Conflicting Loyalties and Local Politics in Nazareth

Article excerpt

Local politics in Nazareth has been influenced by a variety of factors. Originally, parties were centered on family, religion and quarter, or were linked to Communist ideology, which offered the only venue for Arab nationalist claims. Arabs also voted for Zionist parties in order to survive politically in a Jewish state. Recent changes in the region and throughout the world have brought additional parties to Nazareth, including Islamic and Arab nationalist parties.

Nazareth is in many ways a unique place. Its location within the state of Israel with a population comprised of Palestinian Arabs who adhere to either Islam or a variety of Christian sects means that there are, often times, competing loyalties within the political arena based on both nationalist identities and religious affiliation. Additional loyalties are based on either ties to an extended family or to specific quarters, most of which are communal or hamula (clan) based. Several areas on the periphery of Nazareth are inhabited primarily by refugees who claim allegiance to a common place of origin.

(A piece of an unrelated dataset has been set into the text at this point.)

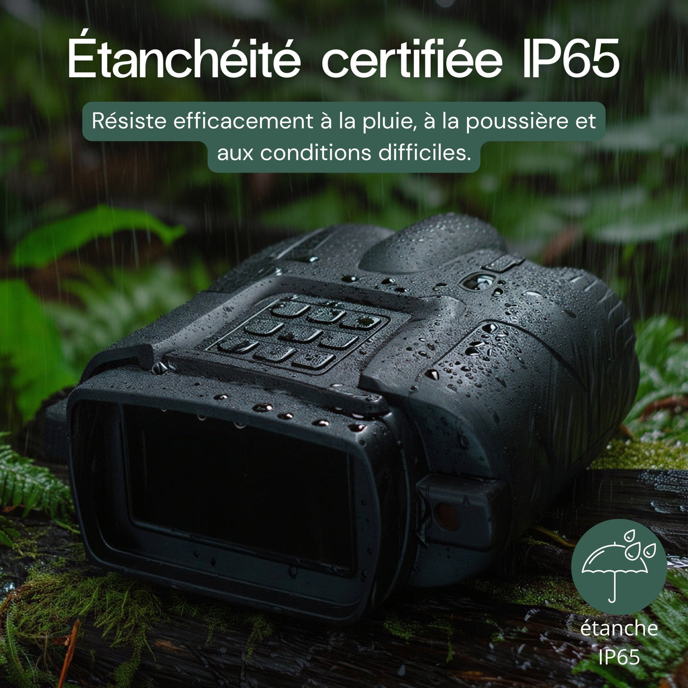 Étanchéité IP65 : résiste à la pluie et à la poussière

While many of the political parties operating at the municipal level have family, religious and quarter ties, they also have important external links to Russia, the Israeli Communist party, the Islamic world and Islamic parties, Palestinian and other Arab nationalist parties, and to Israeli Zionist parties. So important are these external ties that few if any of Nazareth's parties have emerged as purely Nazarene, they all have ties to larger geographical areas.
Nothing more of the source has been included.